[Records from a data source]
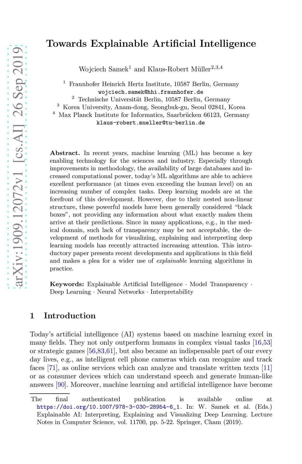 Towards Explainable Artificial Intelligence
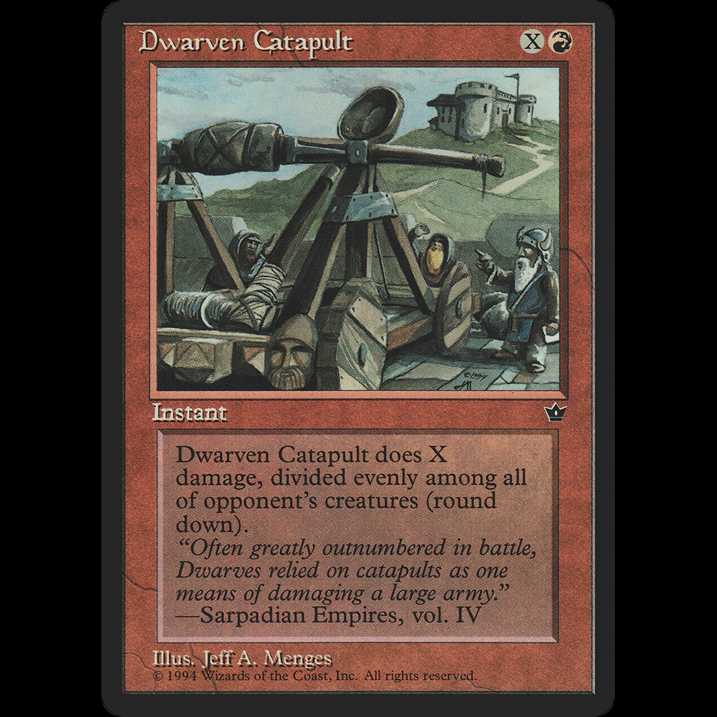 Dwarven Catapult deals X damage divided evenly, rounded down, among all creatures target opponent controls.
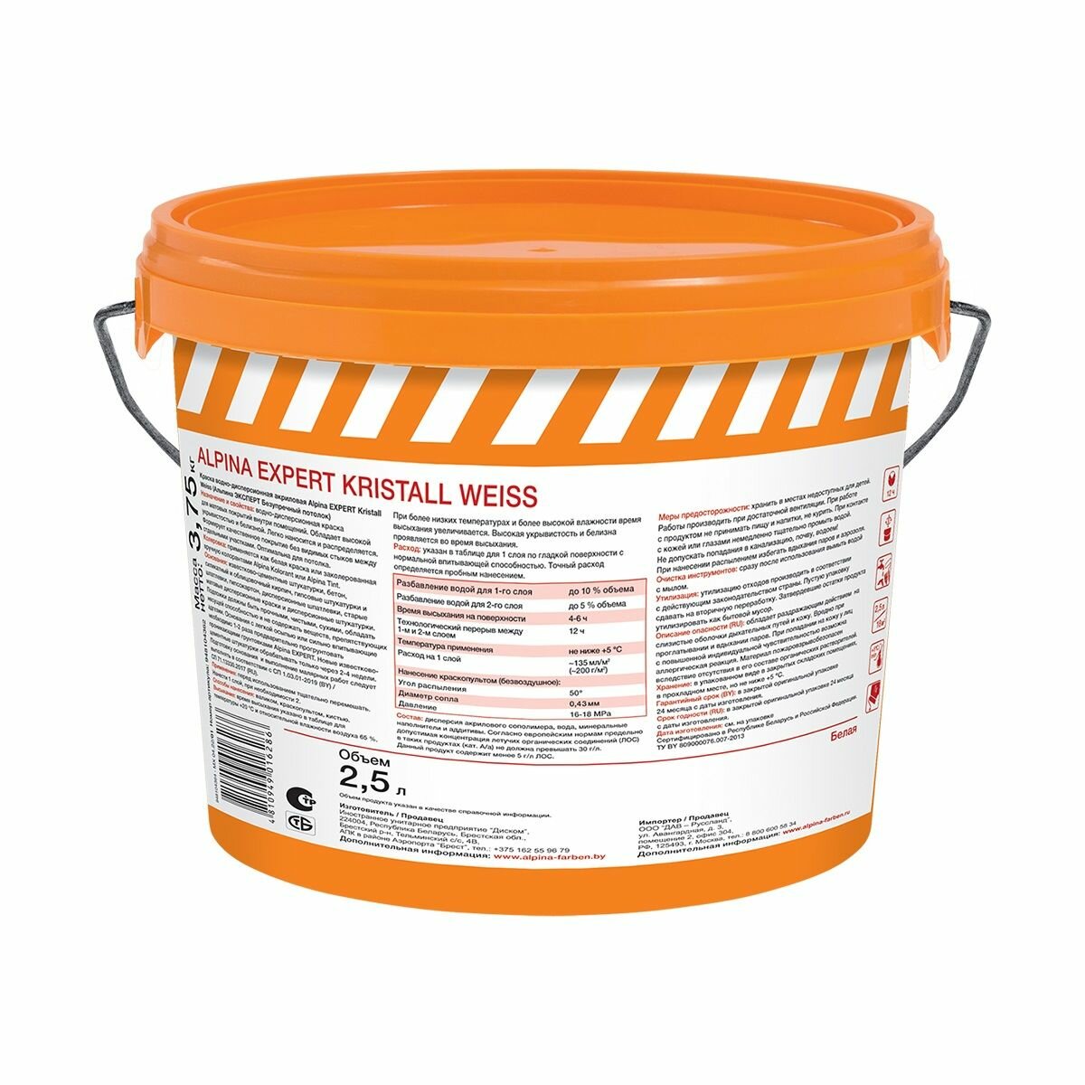 Купить ALPINA EXPERT KRISTALL WEISS краска для внутренних работ белая, безупречный потолок (2,5л) 948104362
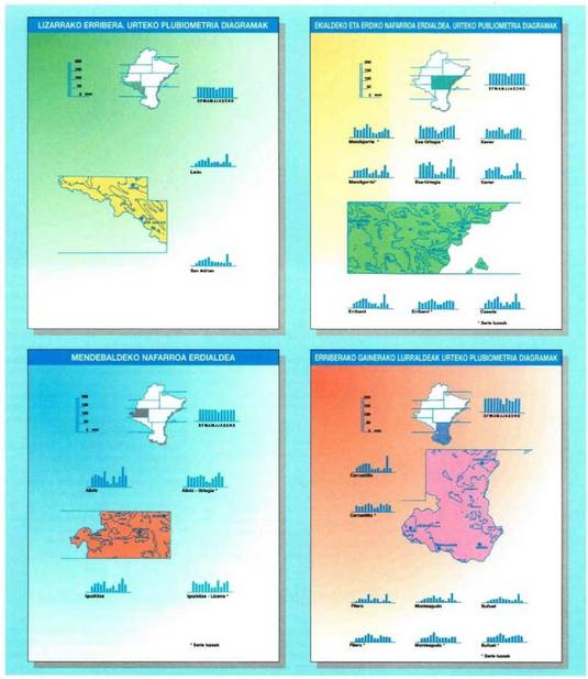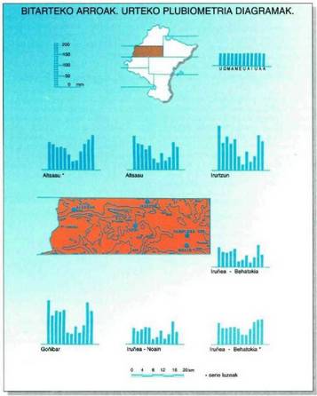 Mapa plubiomettikoa aztertuz gero, ikusten da prezipitazio gehiago izaten dela ekialdean mendebalean baino, eta hegoaldean iparraldean baino gehiago, nahiz eta erliebea den prezipitazioen banaketan zerikusi handiena duen eragilea. Eusko Jaurlaritzaren isoieta mapan (1988) plubiometria gorabehera handiak ikusten dira lurralde batzuen eta besteen artean, eta baita lurralde jakin baten barruan ere, eskualde batzuen eta beste batzuen artean.
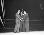 Gene Sunderland, left, athletic director at the University of Corpus Christi, accepts Golden Gloves team trophy from Bob Bethea, right, tourney trophy chairman. Center is Dan Coates. The men are standing in a boxing ring.
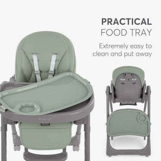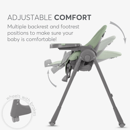 • Ευέλικτο & Υποστηρικτικό: Πλάτη με 5 θέσεις ανάκλησης, υποπόδιο με 3 θέσεις και ρυθμιζόμενο ύψος σε 8 επίπεδα, για σωστή στάση κατά το φαγητό καθώς το παιδί μεγαλώνει.
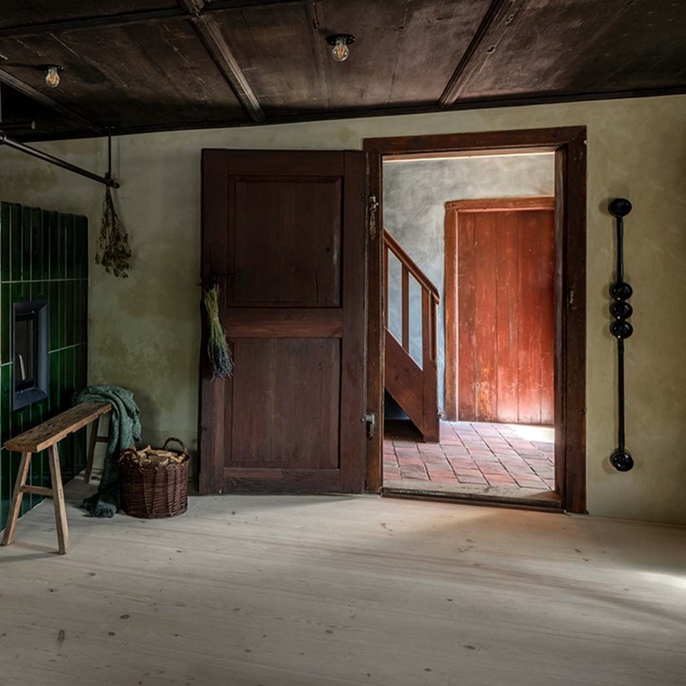 Sämtliche Bauteile wurden erhalten und nach Bedarf restauriert oder ergänzt. Im neuen Hof finden sich liebevolle Details, die noch aus den Ursprungsjahren stammen. Das kleine Fenster neben dem Hauseingang beispielsweise dürfte ein Schreiner noch zu Lebzeiten Mozarts getischlert haben. Auch die Beschläge des Tennen-Schiebetors sowie zwei Innentüren haben vermutlich mehr als zweieinhalb Jahrhunderte auf dem Buckel – und jetzt eine neue Verwendung. „Nichts ist so nachhaltig wie ein Gebäude zu nutzen, das schon seit 270 Jahren steht“, sagt Architekt Haimerl.
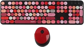 ワイヤレスキーボードマウスセット 大型キーボード 2.4GHz無線接続 バッテリー給電 104キー おしゃれ 静音キーボード タイプライター風 レトロ風 カラフル かわいい 丸いキー US配列 フルキーボード 防水 打ちやすい 人間工学 PC/ノートパソコン/Windowsに対応(赤)
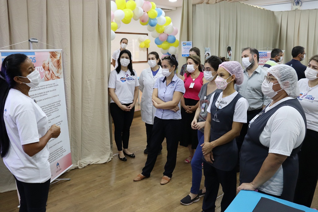 De 5 a 9 de dezembro o Centro Integrado de Humanização, médicos e equipe da Linha de Cuidado Materno-Infantil, Gestão de Cuidado e do Núcleo da Qualidade do Hospital Padre Albino promoveram o ‘Circuito de Sensibilização: juntos pelas crianças – IHAC’, onde os colaboradores do hospital foram convidados a conhecerem as temáticas que abrangem a Iniciativa Hospital Amigo da Criança, certificação conferida pelo Ministério da Saúde. Para isso, a unidade vem implantando melhorias que visam cumprir os Dez Passos para o Sucesso do Aleitamento Materno e de outros requisitos que atendam à saúde da criança e da mulher, instituídos pelo Fundo das Nações Unidas para a Infância (Unicef) e pela Organização Mundial de Saúde (OMS). “Neste circuito tivemos quatro estações que permitiram expor aos colaboradores todo nosso trabalho desenvolvido para obtenção da certificação”, disse a enfermeira Aline Cristina de Poli, coordenadora da Maternidade e Unidade de Cuidados Intermediários Neonatal.
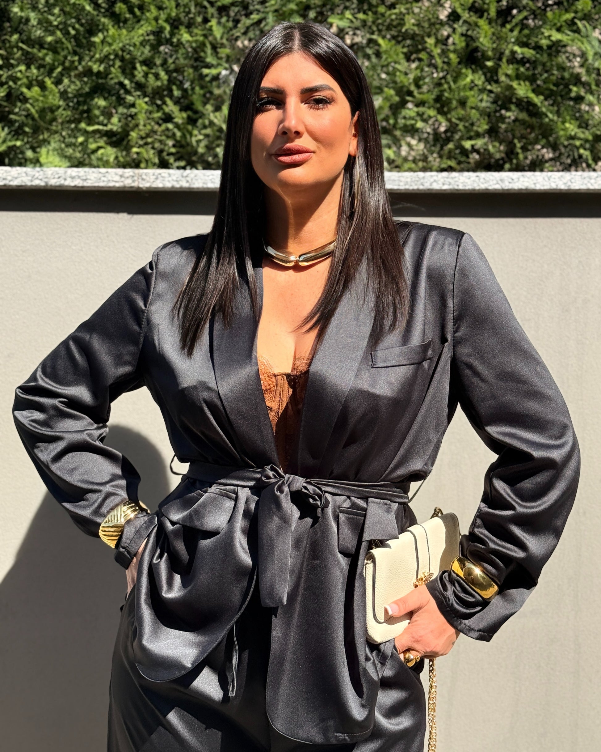 Completo in simil seta composto da blazer con cintura e pantalone a palazzo con elastico in vita
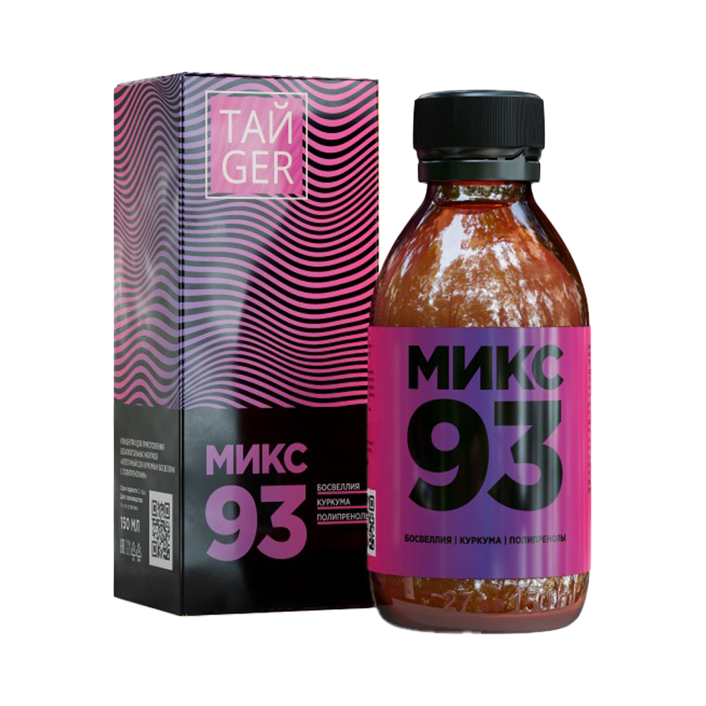 Микс 93 ТАЙGER – мощный противовоспалительный комплекс на основе куркумы, босвеллии и полипренолов. Помогает справиться с воспалением разной этиологии и локализации: инфекции, поражение печени, воспаление на коже, в суставах, сосудах, ЖКТ, нервной, мочеполовой системе.
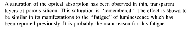 A saturation of the optical absorption has been observed in thin, transparent layers of porous silicon. This saturation is "remembered." The effect is shown to be similar in its manifestations to the "fatigue" of luminescence which has been reported previously. It is probably the main reason for this fatigue.
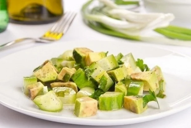 ШАГ 1 Огурец и целый авокадо порезать. Укроп и чеснок измельчить.
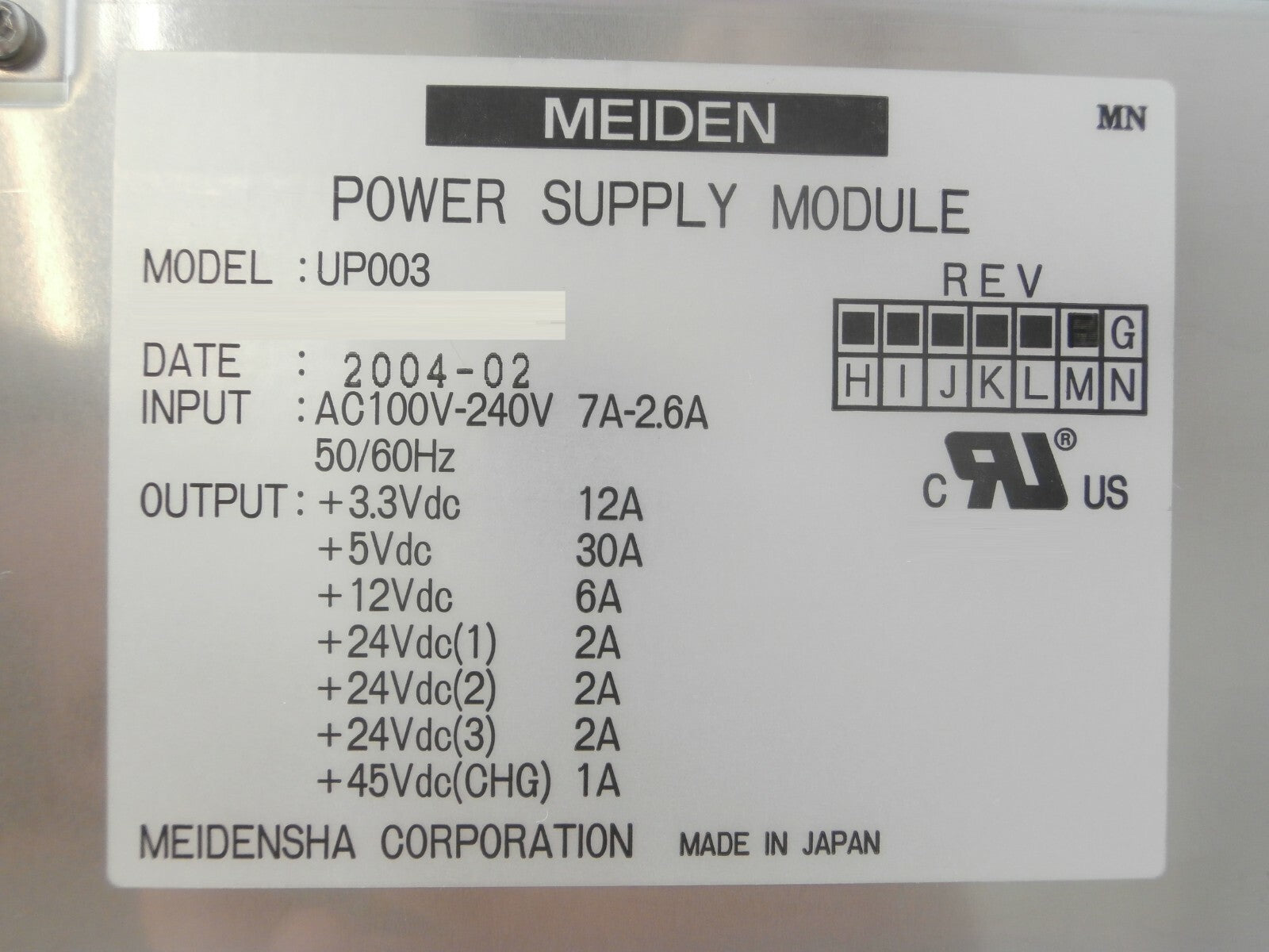 This Meiden UP003 Power Supply Module PCB Card TEL Tokyo Electron Lithius is used working surplus. The physical condition is good, but there are signs of previous use and handling.
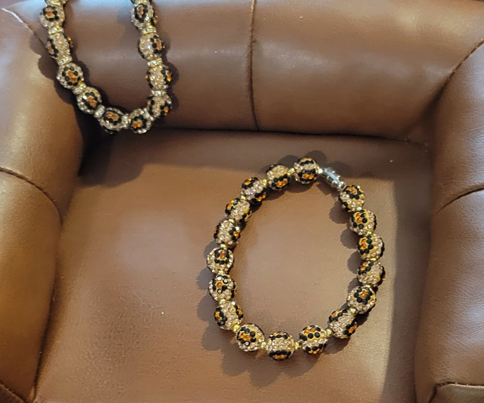 This is ore design with the most sparkle and glam around. Leopard print crystals cover clay beads with a magnetic close which makes it so easy to put your bracelet on. 7.5"
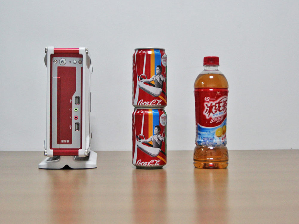 在机箱附件中我们意外的发现了竖立支架,安装之后,占地面积大幅缩减,仅仅只有两个可口可乐罐的高度,完全可以立在电视旁边。17/24

▶ Problem details
Set the records down again word for word; the pictures stay out.

▶ Result for this exercise
 Towards Explainable Artificial Intelligence
 Dwarven Catapult deals X damage divided evenly, rounded down, among all creatures target opponent controls.
 Купить ALPINA EXPERT KRISTALL WEISS краска для внутренних работ белая, безупречный потолок (2,5л) 948104362
 Mapa plubiomettikoa aztertuz gero, ikusten da prezipitazio gehiago izaten dela ekialdean mendebalean baino, eta hegoaldean iparraldean baino gehiago, nahiz eta erliebea den prezipitazioen banaketan zerikusi handiena duen eragilea. Eusko Jaurlaritzaren isoieta mapan (1988) plubiometria gorabehera handiak ikusten dira lurralde batzuen eta besteen artean, eta baita lurralde jakin baten barruan ere, eskualde batzuen eta beste batzuen artean.
 Gene Sunderland, left, athletic director at the University of Corpus Christi, accepts Golden Gloves team trophy from Bob Bethea, right, tourney trophy chairman. Center is Dan Coates. The men are standing in a boxing ring.
 • Ευέλικτο & Υποστηρικτικό: Πλάτη με 5 θέσεις ανάκλησης, υποπόδιο με 3 θέσεις και ρυθμιζόμενο ύψος σε 8 επίπεδα, για σωστή στάση κατά το φαγητό καθώς το παιδί μεγαλώνει.
 Sämtliche Bauteile wurden erhalten und nach Bedarf restauriert oder ergänzt. Im neuen Hof finden sich liebevolle Details, die noch aus den Ursprungsjahren stammen. Das kleine Fenster neben dem Hauseingang beispielsweise dürfte ein Schreiner noch zu Lebzeiten Mozarts getischlert haben. Auch die Beschläge des Tennen-Schiebetors sowie zwei Innentüren haben vermutlich mehr als zweieinhalb Jahrhunderte auf dem Buckel – und jetzt eine neue Verwendung. „Nichts ist so nachhaltig wie ein Gebäude zu nutzen, das schon seit 270 Jahren steht“, sagt Architekt Haimerl.
 ワイヤレスキーボードマウスセット 大型キーボード 2.4GHz無線接続 バッテリー給電 104キー おしゃれ 静音キーボード タイプライター風 レトロ風 カラフル かわいい 丸いキー US配列 フルキーボード 防水 打ちやすい 人間工学 PC/ノートパソコン/Windowsに対応(赤)
 De 5 a 9 de dezembro o Centro Integrado de Humanização, médicos e equipe da Linha de Cuidado Materno-Infantil, Gestão de Cuidado e do Núcleo da Qualidade do Hospital Padre Albino promoveram o ‘Circuito de Sensibilização: juntos pelas crianças – IHAC’, onde os colaboradores do hospital foram convidados a conhecerem as temáticas que abrangem a Iniciativa Hospital Amigo da Criança, certificação conferida pelo Ministério da Saúde. Para isso, a unidade vem implantando melhorias que visam cumprir os Dez Passos para o Sucesso do Aleitamento Materno e de outros requisitos que atendam à saúde da criança e da mulher, instituídos pelo Fundo das Nações Unidas para a Infância (Unicef) e pela Organização Mundial de Saúde (OMS). “Neste circuito tivemos quatro estações que permitiram expor aos colaboradores todo nosso trabalho desenvolvido para obtenção da certificação”, disse a enfermeira Aline Cristina de Poli, coordenadora da Maternidade e Unidade de Cuidados Intermediários Neonatal.
 Completo in simil seta composto da blazer con cintura e pantalone a palazzo con elastico in vita
 Микс 93 ТАЙGER – мощный противовоспалительный комплекс на основе куркумы, босвеллии и полипренолов. Помогает справиться с воспалением разной этиологии и локализации: инфекции, поражение печени, воспаление на коже, в суставах, сосудах, ЖКТ, нервной, мочеполовой системе.
 A saturation of the optical absorption has been observed in thin, transparent layers of porous silicon. This saturation is "remembered." The effect is shown to be similar in its manifestations to the "fatigue" of luminescence which has been reported previously. It is probably the main reason for this fatigue.
 ШАГ 1 Огурец и целый авокадо порезать. Укроп и чеснок измельчить.
 This Meiden UP003 Power Supply Module PCB Card TEL Tokyo Electron Lithius is used working surplus. The physical condition is good, but there are signs of previous use and handling.
 This is ore design with the most sparkle and glam around. Leopard print crystals cover clay beads with a magnetic close which makes it so easy to put your bracelet on. 7.5"
 在机箱附件中我们意外的发现了竖立支架,安装之后,占地面积大幅缩减,仅仅只有两个可口可乐罐的高度,完全可以立在电视旁边。17/24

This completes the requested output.